SINGAPORE (THE BUSINESS TIMES) – Although export sales of doors improved for KLW Holdings in the third quarter, its selling and distribution expenses more than doubled and administrative expenses stayed at nearly 30 per cent of revenue, resulting in the door maker continuing to bleed red ink.
But the losses for the quarter ended September at $1.08 million were 39 per cent lower year-on-year, according to the financial statements KLW filed with the Singapore Exchange on Friday (Feb 14).
Among the headwinds that may affect its financial performance going forward are the impact of the coronavirus outbreak on its Dongguan factory in China.
The third quarter losses came despite revenue being 7 per cent higher at $7 million, on the back of greater export sales of doors.
Loss per share was also narrower at 0.02 Singapore cent versus 0.033 cent a year ago.
Net asset value per share declined marginally to 1.30 cents as at end-December, down from 1.38 cents as at end-March last year.
While quarterly results improved, the Catalist-listed firm saw losses for its nine-month period widen to $4.48 million from $3.95 million in the preceding year.
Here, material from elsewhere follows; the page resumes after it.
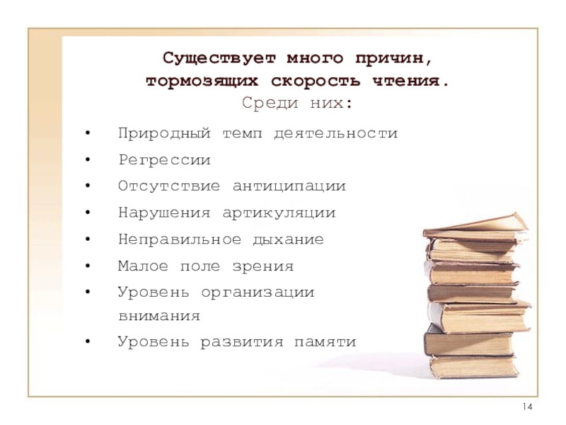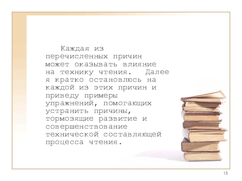 Каждая из перечисленных причин может оказывать влияние на технику чтения. Далее

This was due to a drop of 19 per cent in its revenue to $19.5 million, hit by lower export sales. Therefore, the nine-month loss per share also widened to 0.083 cent from 0.073 cent.
No dividend was declared.
KLW has flagged several events that might be headwinds for its financial performance.
It said it remains to be seen if export sales can be sustained in the foreseeable future. While there is greater political certainty with Brexit finally happening, the operating environment remains challenging. Although there is an easing in trade tensions between the US and China, the group has yet to see the benefits in its sourcing of raw materials from the US.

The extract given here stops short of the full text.